Le Portugal ne figure pas dans cette déclaration initiale, mais a fini par y souscrire environ trois heures plus tard, comme l’a annoncé le Premier ministre Luís Montenegro, également via le réseau social X, dans des messages en portugais et en anglais publiés à 14h16, où il explique qu' »en collaboration avec ses partenaires européens, le Portugal souscrit à la déclaration concernant le Groenland » : https://archive.ph/dasOX et https://archive.ph/0v76t
Dans ces messages, Luís Montenegro reprend le texte conjoint défendant que « la sécurité dans l’Arctique doit être atteinte collectivement, en coordination avec les alliés de l’OTAN, y compris les États-Unis, en respectant les principes de la Charte des Nations Unies, notamment la souveraineté, l’intégrité territoriale et l’inviolabilité des frontières », ajoutant que « ces principes universels » doivent être défendus.
D’autres pays, comme la Grèce (https://archive.ph/BbcXr), les Pays-Bas (https://archive.ph/sVdhb), la Belgique (https://archive.ph/tNNr5), la Slovénie (https://archive.ph/RuhDG), le Luxembourg et le Canada (https://archive.ph/90tJd) ont également déclaré leur soutien à la déclaration ou à la position du Danemark (https://archive.ph/AKawo).
De leur côté, les ministres des Affaires étrangères nordiques ont opté pour une déclaration séparée, également avec le Danemark, dans laquelle ils soulignent qu’ils ont « augmenté substantiellement » les investissements dans la sécurité en Arctique. Le Danemark, la Finlande, l’Islande, la Norvège et la Suède ont également souligné que cette tâche « repose sur le respect des principes fondamentaux de la Charte de l’ONU et du droit international, y compris l’inviolabilité des frontières » : https://archive.ph/CNyDK
Contradictoire
En réponse à Lusa Verifica, le Ministère des Affaires étrangères « clarifie qu’il s’agissait d’une procédure tout à fait normale dans le cadre européen et international : un ou plusieurs États lancent une déclaration et invitent d’autres à souscrire. »

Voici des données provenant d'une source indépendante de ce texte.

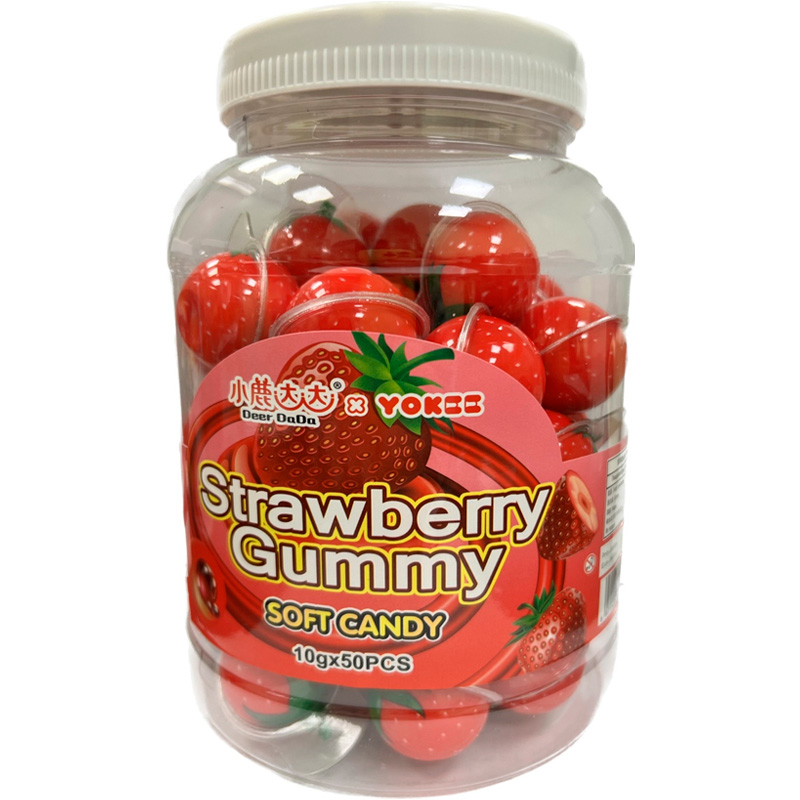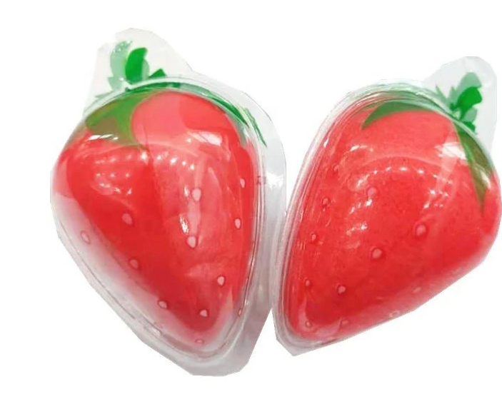 Жевательные конфеты в форме клубники, заполненные джемом из сочной клубники.Состав: вода, сахар, сок яблочный концентрированный, патока мальтозная, желатин, крахмал, агар, лимонная кислота, ароматизаторы.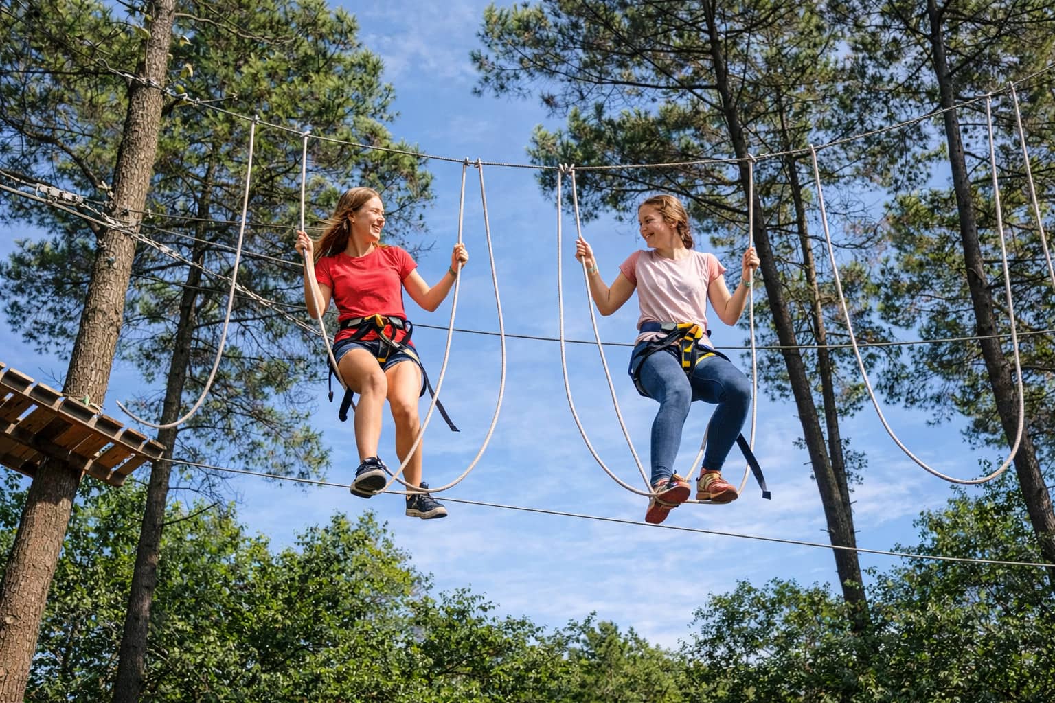On continue ? Ouiiiii ! Alors c’est parti pour une session d’accrobranche au milieu des arbres : ponts suspendus, filets, passerelles et tyroliennes seront au menu : un véritable défi d’équilibre et de courage !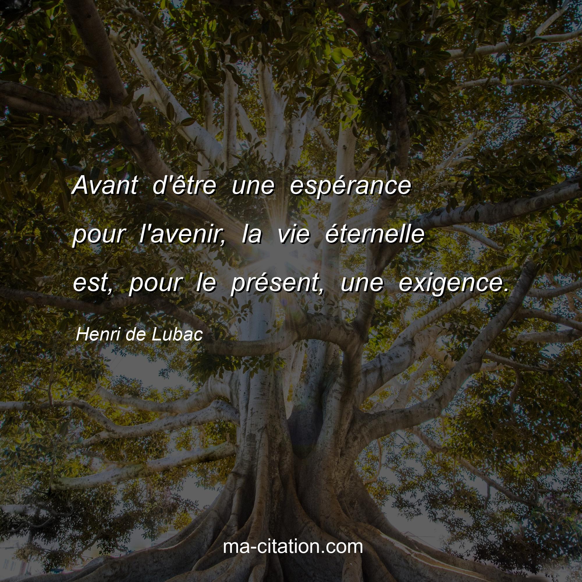 Citation sur la vie de Henri de Lubac :Avant d'être une espérance pour l'avenir, la vie éternelle est, pour le présent, une exigence.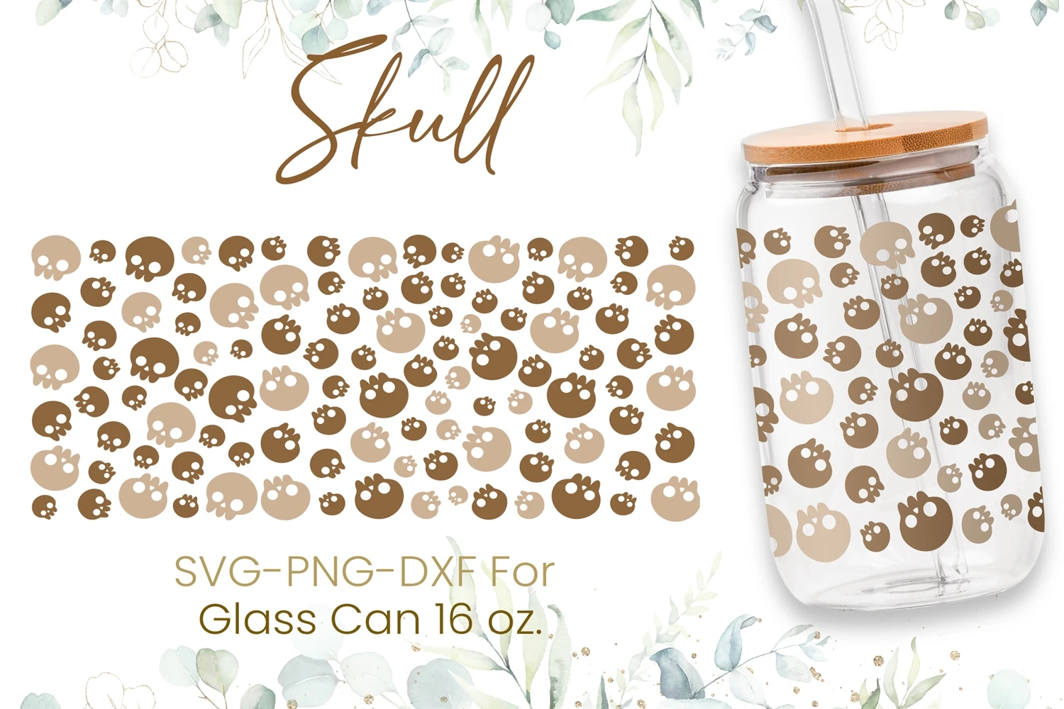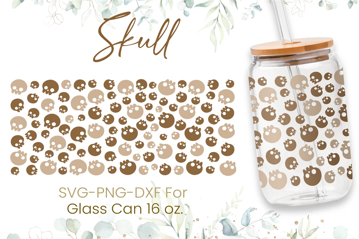 16oz Skull Libbey Glass Can Svg, Skulls Glass Can Wrap Svg

Et c’est ce que « le Portugal a fait immédiatement, conjointement avec la Grèce, les Pays-Bas, le Luxembourg, la Slovénie », une initiative que le MAE affirme ne présenter « rien d’inédit, puisque le Portugal avait déjà pris cette position unilatéralement le 23 décembre, via le MAE, avec ces publications sur le réseau social X en solidarité avec le Danemark et la population groenlandaise : https://archive.ph/TT7Wl et https://archive.ph/8N7ap
Pour sa part, la campagne de Gouveia e Melo clarifie que les deux déclarations du candidat sont vraies. « Le Portugal n’a pas signé la version initiale, c’est vrai, car il n’apparaît pas dans la liste des signataires, il s’y est rallié plus tard, et c’est pourquoi Gouveia e Melo a approuvé la remarque de Carlos Daniel », a expliqué à Lusa Nuno Saraiva, collaborateur de la campagne.
Évaluation Lusa Verifica : Vrai, mais
Il est vrai que « le Portugal n’a pas signé la position de force des principaux pays européens » concernant les menaces d’annexion du Groenland formulées par le président américain, comme l’a affirmé le candidat présidentiel Gouveia e Melo, mais il est également vrai que le pays la souscrit peu après, comme l’a annoncé le Premier ministre, Luís Montenegro, environ trois heures après la diffusion du document.